For those who know our household, it is hardly necessary to add that the trip down included a stop at Braum’s for a two scoop hot fudge Sundae with lots of salted pecans, topped with whipped cream and a cherry.  Let’s be straight about this renewal business.  Ice cream (or whatever your favorite treat is) goes a long way toward nourishing the rest and renewal muscles. 

The retreat content was as described in my last post.  There was no agenda.  I needed time to be free to initiate activity as I felt the need.  When Caregiving, of necessity, Mary Ann’s needs take priority.  By contrast, on this Retreat, I decide what to do and when to do it. 

I walked outdoors for hours.  I walked slowly, savoring the sounds and sights and sensations as they came.  I engaged fully each moment.  I felt the warmth of the sun and the feel of the breeze early the first evening.  I watched and listened intently for birds especially.  I watched an Oklahoma storm develop and pass over.  During nine years living in Oklahoma City, both Mary Ann and I came to love watching those storms develop.  

When the storm started producing lightning, I had enough sense to head back to the cabin.  I knew that Mary Ann would be pretty irritated if I was struck by lightning and she was left to fend for herself.  In fact, if I were hit by lightning and did not survive, she might very well have me cremated and spread my ashes in a fabric store to languish there for an eternity.  Given the option, I would prefer fire and brimstone.  Needless to say, I moved to safety very quickly. 

The next day was chilly, but bright.  I walked again.  On occasion I stopped to sit on the camping stool tied to my backpack to read or just sit and look and listen.  I suppose I accumulated eight or so hours out in that beauty that day.  Today I walked again for a couple more hours, this time walking faster, covering the same territory as the last two days, looking for surprises. 

In the course of my time outside, as I looked up at a nest high in a tree with my binoculars, I was startled by two eyes staring back at me as a Long-Eared Owl sat on her nest.  I was examined by a couple of nearby wild turkeys to see if I was a threat.  Apparently they concluded that I was not.  I was checked out by five circling Turkey Vultures trying to determine if I would be a fitting afternoon snack.  In fact this morning three circled overhead and one got so close that I could actually hear his wings flapping.  After seeing a White-tail Deer run off in the woods, a buck that was still out of sight tried to intimidate me with his loud and threatening snorting.  There is more, but that is for another post for those who love to walk in nature. 

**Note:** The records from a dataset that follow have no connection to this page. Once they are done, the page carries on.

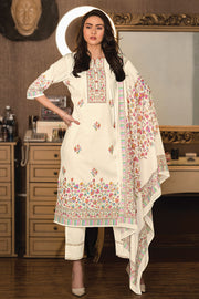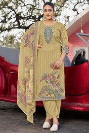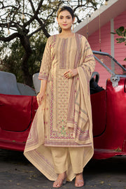 Beige Color Cotton Digital Printed Embroidery Work Salwar Kameez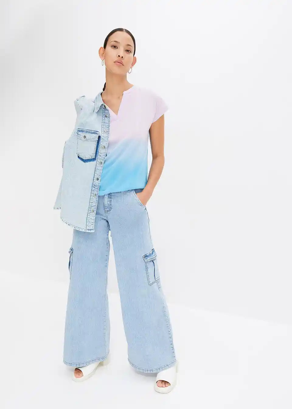 Hanley majica z okroglim ovratnim izrezom z gumbki s prelivajočim efektom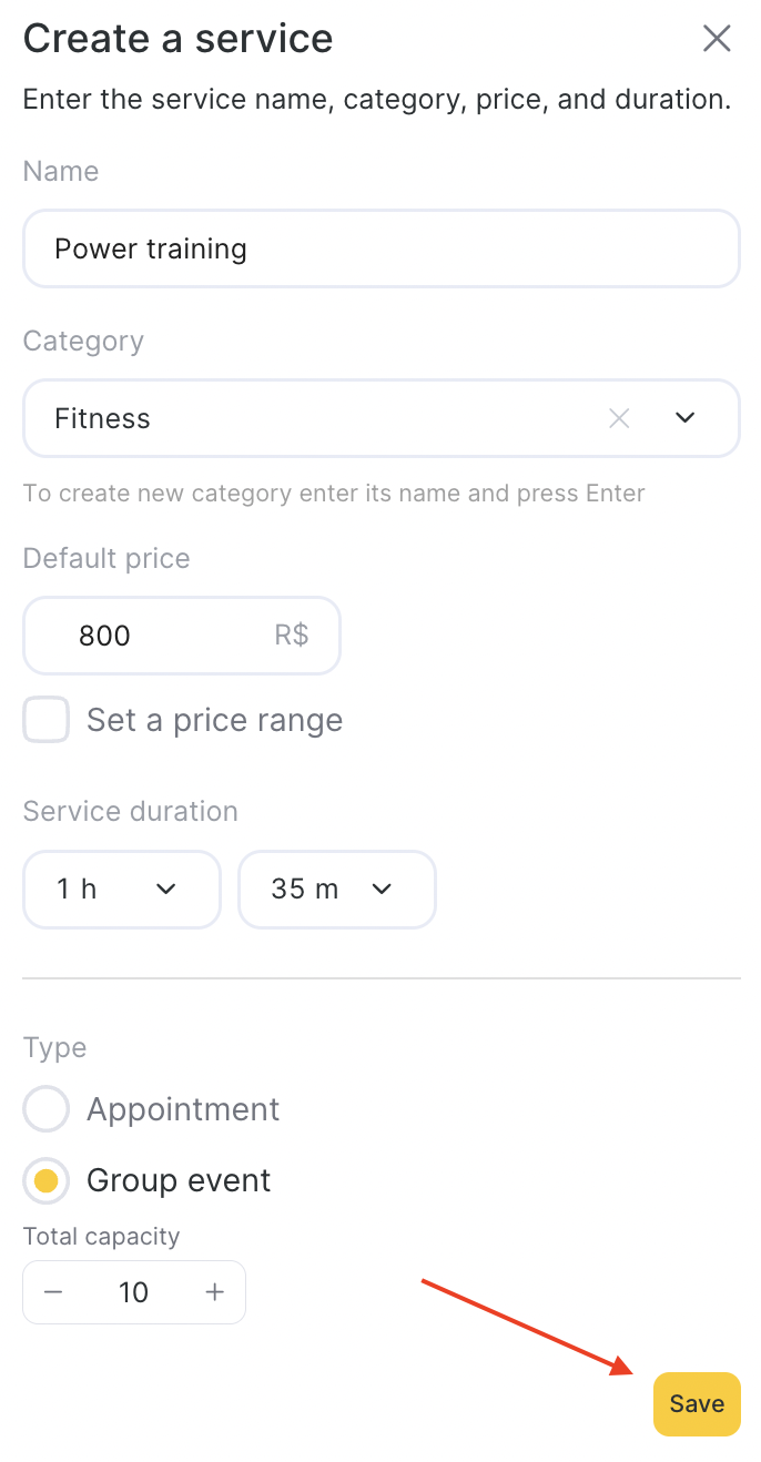 Fill in the required fields like Service, Category, Price, Duration and Booking type and click the Save button to apply your changes.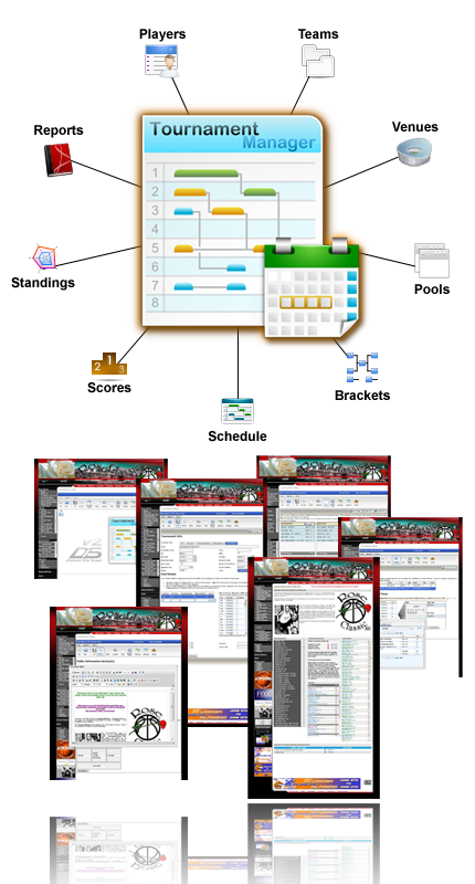 The customizable software handles the needs of virtually every type of event from full season play to single day showcase events.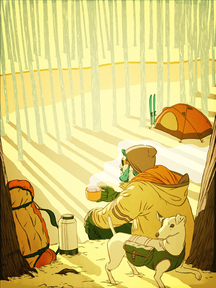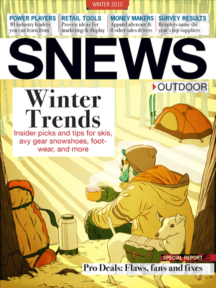 Almost a year ago I was asked by the folks at Backpacker Magazine to do the cover of their winter catalog “SNEWS”. I obviously jumped at the opportunity because I like to draw and getting the cover of anything feeds my ego. I like it when everyone knows I’m awesome. It’s a hole that can’t be filled, a monster with and endless appetite, a vampire trying to comb his hair with a mirror. Accept me! The art director told me what they had in mind and sent me some samples of past covers so I went to work. One of the things I realized about illustration on this assignment was that the work that I do, or any illustrator for that matter, is more than helping someone communicating their idea. When an art director chooses an illustrator, they are also choosing that illustrator’s personality and experiences. I was really proud of this image. What made it special for me was that I was able to draw my dog Rebo into it. I had to put Rebo to sleep a few months before I got the assignment and this was a great way to remember him. Rebo was on the cover of newsstands everywhere! I couldn’t be happier. So I feel like Backpacker could have picked any number of illustrators to do the cover, and I’m sure each of them would have done something personal, but they didn’t. Backpacker chose me and I chose to have my dog on an adventure playing in the snow.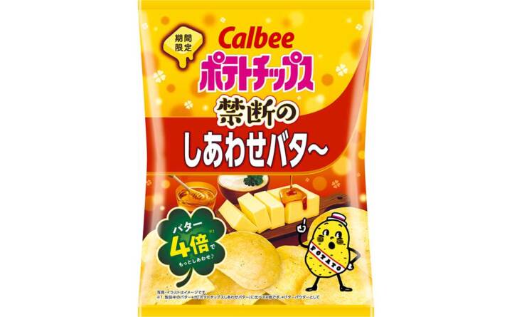 “禁断の味わい”が2年ぶりに復活!通常の「しあわせバタ~」に比べてバターの量が4倍になった『ポテトチップス 禁断のしあわせバタ~』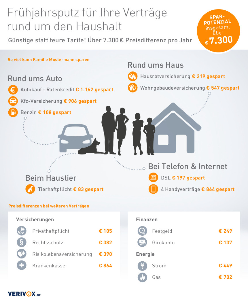 Untersucht haben die Analysten 19 Verträge einer Modellfamilie aus Heidelberg mit zwei Kindern – 8 Versicherungs-, 5 Telekommunikations-, 3 Bank-, 2 Energieverträge und ein Autokauf. Die größte Differenz gab es im Bereich Autokauf und -kredit mit 1.162 Euro im Jahr. Aber auch bei der Kfz-Versicherung kann die Modellfamilie laut Verivox 906 Euro im Jahr sparen.
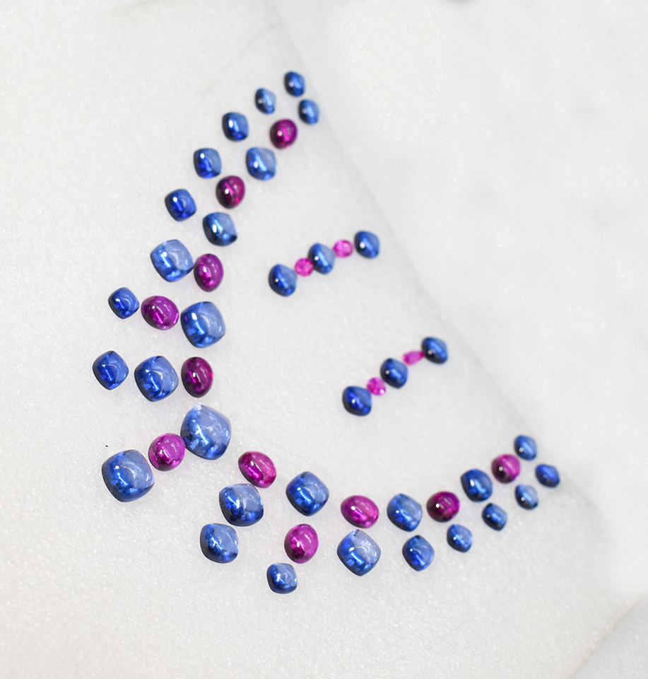 Cornflower Blue Sapphire Sugarloaf & Lab Pink sapphire Oval Cabochon Gemstone Necklace Layout Set Corundum Gemstone For Jewelry

I have to say that while there was utter solitude most of the time I was on the Retreat, I never felt lonely, I never really felt alone.  In those settings I feel a fullness, a wholeness that is sometimes hard to feel when I am in more populated settings. 

When I was at the farthest point on my wanderings, sitting in a cluster of trees, turkeys nearby, I took out my cell phone and called Mary Ann.  She wasn’t home at that moment, but I left a message with a few words about where I was and what I was doing, letting her know that I was thinking of her and that I love her. 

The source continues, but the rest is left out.